Sociaaleconomische problemen

  1. Het aantal huishoudens met een laag huishoudinkomen.
  2. Het aantal huishoudens met geregistreerde problematische schulden.

Scheiding

  1. Het aantal huishoudens waarin minimaal één persoon woont van wie de burgerlijke staat op het peilmoment “gescheiden” is.
  2. Het aantal huishoudens waarin minimaal één persoon woont van wie de laatste wijziging van de burgerlijke staat in de afgelopen drie jaar een scheiding is.

Aanraking met justitie

  1. Het aantal huishoudens waarbij minimaal één persoon in de afgelopen vijf jaar verdacht is geweest van een misdrijf.
  2. Het aantal huishoudens waarbij minimaal één persoon in de afgelopen vijf jaar naar Halt is doorverwezen.
  3. Het aantal huishoudens waarbij voor minimaal één persoon in de afgelopen vijf jaar een zaak door het OM of de rechter is afgedaan.

Slachtoffer van geweldsmisdrijven of seksuele misdrijven

  1. Het aantal huishoudens waarbij minimaal één persoon in de afgelopen vijf jaar slachtoffer was van mishandeling, bedreiging of stalking, een overig geweldsmisdrijf, of een seksueel misdrijf.

Bijlage 1 bevat een meer gedetailleerd overzicht van de gehanteerde definities binnen dit onderzoek. Bijlage 2 bevat een overzicht van de bronbestanden die gebruikt zijn.

2.4 Disclaimer

Bij dit onderzoek moet een aantal belangrijke kanttekeningen worden geplaatst. Het onderzoek maakt gebruik van administratieve registerdata, waardoor de problematiek niet compleet in kaart kan worden gebracht. Bij psychische problemen, bijvoorbeeld, blijven huishoudens met psychische problemen die daarvoor geen hulp (medicijnen of geestelijke gezondheidszorg) ontvangen buiten beeld. Bij scheiding wordt alleen uitgegaan van echtparen die uit elkaar zijn gegaan. Daarbij blijven relatie-beëindigingen tussen paren die niet echtelijk waren verbonden buiten beschouwing. Bij slachtofferschap van geweldsmisdrijven of seksuele misdrijven draait het alleen om geregistreerde gevallen hiervan, wat ook tot een onderschatting van het echte aantal slachtoffers leidt. Ten slotte is de definitie van schulden gebaseerd op schulden die geregistreerd zijn. Over andere schulden (bijvoorbeeld in de privésfeer) kunnen geen uitspraken worden gedaan. Over het algemeen betekent dat, dat de cijfers over de problematiek en de stapeling hiervan moeten worden beschouwd als ondergrenzen.

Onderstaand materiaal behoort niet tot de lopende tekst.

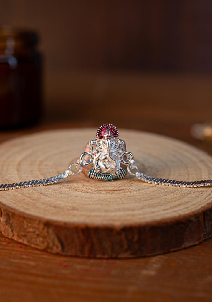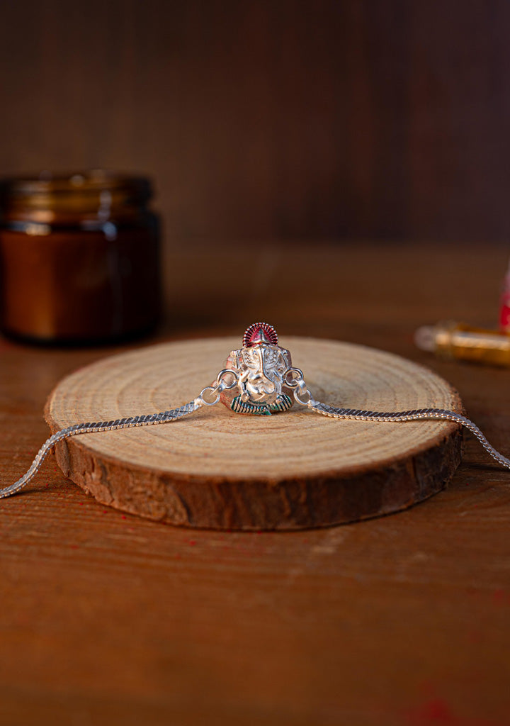 Designer Rakhi - Silver - Ganesha - WBG1887-2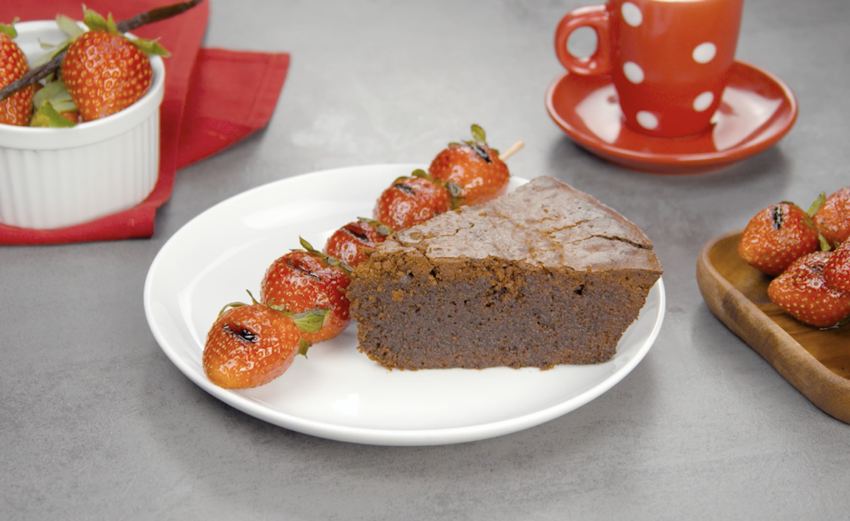 7. Serviere den Brownie vom Grill mit den Erdbeerspießen und – wenn du magst – mit Vanilleeis.

2) https://dashboards.cbs.nl/v4/Stapeling_en_multiproblematiek_2017_2021/.
3) Dit betekent dat institutionele huishoudens niet worden meegenomen in dit onderzoek. Dit zijn bijvoorbeeld kindertehuizen, gezinsvervangende tehuizen, verpleeg-, verzorgings- en revalidatiecentra en penitentiaire inrichtingen.
4) https://www.regioatlas.nl/regioindelingen/regioindelingen_indeling/t/jeugdzorg.
5) Deze data zijn alleen beschikbaar voor meerderjarige personen.